America’s Afghan aid dilemma, it turns out, is far from unique. In a study just released by the National Bureau of Economic Research, economists Nathan Nunn and Nancy Qian find that our well-meaning helping hand has often had the unintended consequence of aggravating conflict. Focusing on U.S. food aid windfalls that were triggered by bumper crops in the Midwest, they find that unexpected increases in wheat shipments increase civil conflicts in countries unlucky enough to be the beneficiaries of American assistance. The study provides ammunition to those who have been calling for a reform in how U.S. lends a helping hand to developing countries.
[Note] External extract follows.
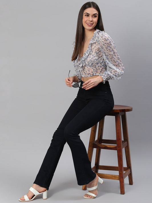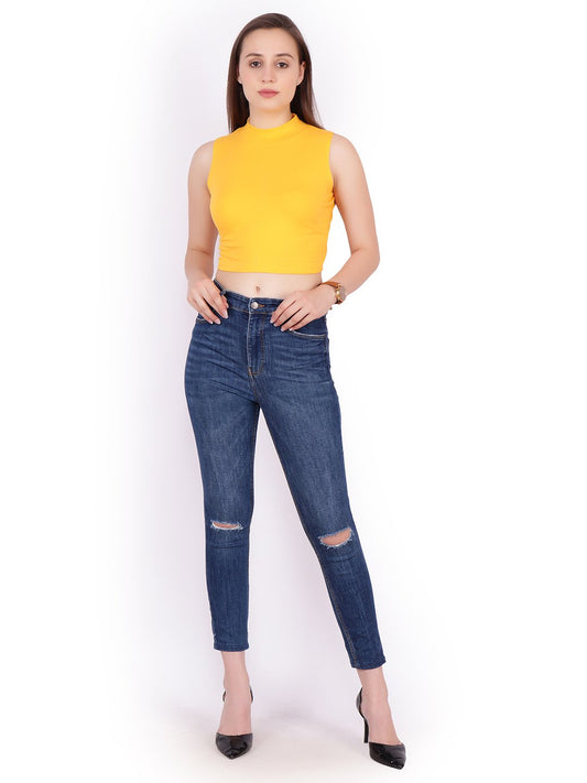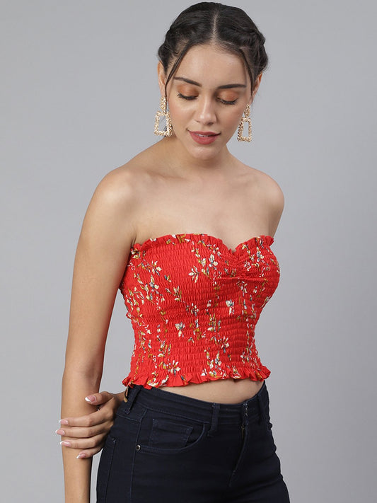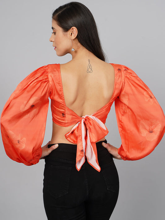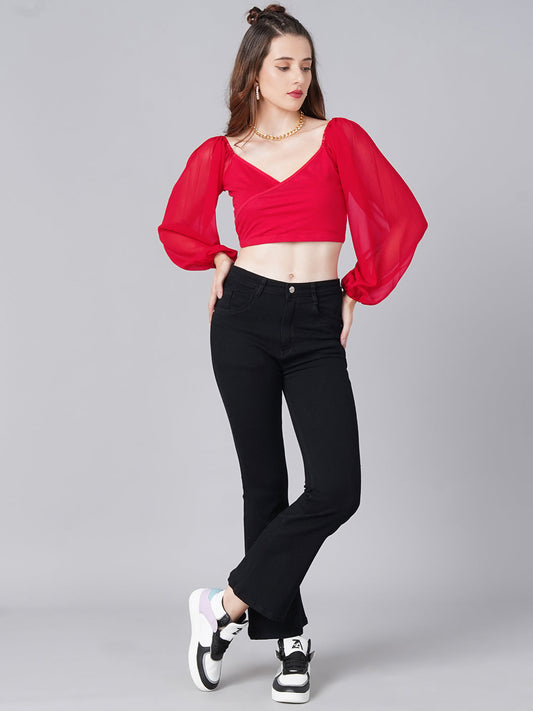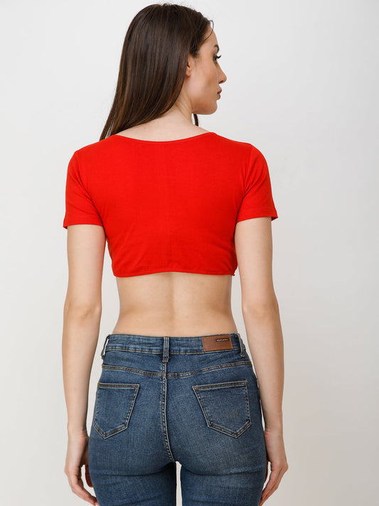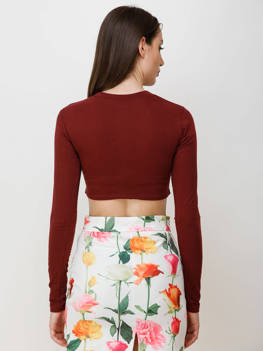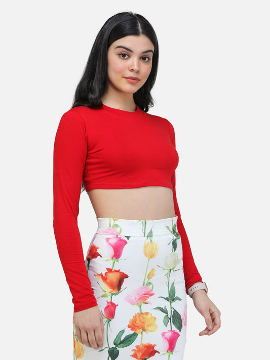 SCORPIUS RED FULL SLEEVE ROUND NECK CROP TOP

Why should grain shipments fan the flames of civil war? The authors describe the case of Biafra’s attempted secession from Nigeria in the late 1960s to highlight the various ways that war and hostilities can feed off the good intentions of humanitarian aid. To crush the rebels, the Nigerian government set siege to Biafra. The (deliberate) result was widespread starvation; as a Nigerian official famously stated in 1968 peace talks, “Starvation is a legitimate weapon of war, and we have every intention of using it against the rebels.” Biafra’s dire circumstances were ultimately broadcast to the world, generating an outpouring of donations and volunteers who came to the breakaway region’s assistance. As Philip Gourevitch wrote in the New Yorker in 2010, “the humanitarian-aid business as we know it today came into being” in Biafra.
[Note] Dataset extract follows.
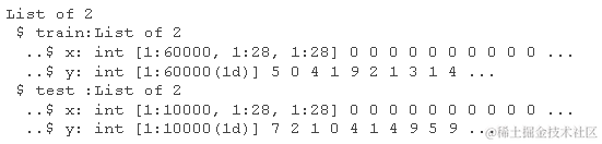 MNIST数据集的数据结构简单明了,有两块。(1) 训练集:x(即特征):60000x28x28张量,对应于60000张28x28像素的图像,采用灰度表示(即每个28x28矩阵中所有的值都是0到255之间的整数),y(即因变量):一个长度为60000的向量,包含相应的数字,整数值在0到9之间。(2) 测试集:与训练集相同,但只有10000个图像和因变量。数据集的详细结构可以通过下面的str(mnist)看到。

But relief workers couldn’t get food or supplies through the Nigerian blockade without the help of Biafran rebel leader Odumegwu Ojukwu, who insisted that only his own planes could fly into and out of the area. He charged relief organizations dearly for the privilege, and filled any remaining space in the aid flights with weapons and other supplies. The airlifted food that gave some relief to Biafra’s starving masses also nourished Ojukwu’s army—the rebels were malnourished like everyone else and hence qualified for assistance. The Nigerians eventually wore down the Biafran rebellion, but many claim that it lasted for years longer than it would have in the absence of the international response that brought food, supplies, and funding to Biafra’s rebels.
Is the example of Biafra indicative of the effects of humanitarian aid more generally, or an exceptional case? There are certainly anecdotes from relief efforts in Afghanistan that suggests a similar dynamic may be operating there: In The Crisis Caravan, Dutch journalist Linda Polman cites a U.N. official who estimates that around a third of NGO food aid in Uruzgan province was channeled to the Taliban.
At the same time, there is also reason to believe that food aid can prevent conflict, instead of making it worse. After all, the whole point of food aid is to boost incomes especially during hard times: If empty stomachs foster discontent and unrest, then feeding the hungry will make them less likely to do things like attack one another for food, or join rebel armies to fight in civil wars.